◆ **EXERCISE**:
Take the lines below beginning at the line that has "Мила м'яка іграшка" and stopping after the line that has "- ⚠️ If the", and print them exactly as they are, with no other lines.
***** LISTED ENTRIES *****
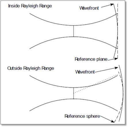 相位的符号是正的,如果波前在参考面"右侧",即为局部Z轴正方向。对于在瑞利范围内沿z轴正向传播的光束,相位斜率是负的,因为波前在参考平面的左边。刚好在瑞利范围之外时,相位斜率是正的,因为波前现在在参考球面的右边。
*****
***** LISTED ENTRIES *****
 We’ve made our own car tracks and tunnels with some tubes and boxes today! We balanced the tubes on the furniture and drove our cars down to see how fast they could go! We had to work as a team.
*****
***** LISTED ENTRIES *****
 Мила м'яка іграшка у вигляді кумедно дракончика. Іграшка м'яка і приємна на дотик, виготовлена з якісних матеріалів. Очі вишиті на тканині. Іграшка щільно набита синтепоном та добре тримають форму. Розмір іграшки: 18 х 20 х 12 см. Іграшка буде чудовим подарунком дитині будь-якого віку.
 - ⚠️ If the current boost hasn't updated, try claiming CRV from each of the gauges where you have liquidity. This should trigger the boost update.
*****
◆ **EXERCISE RESULT**:
 Мила м'яка іграшка у вигляді кумедно дракончика. Іграшка м'яка і приємна на дотик, виготовлена з якісних матеріалів. Очі вишиті на тканині. Іграшка щільно набита синтепоном та добре тримають форму. Розмір іграшки: 18 х 20 х 12 см. Іграшка буде чудовим подарунком дитині будь-якого віку.
 - ⚠️ If the current boost hasn't updated, try claiming CRV from each of the gauges where you have liquidity. This should trigger the boost update.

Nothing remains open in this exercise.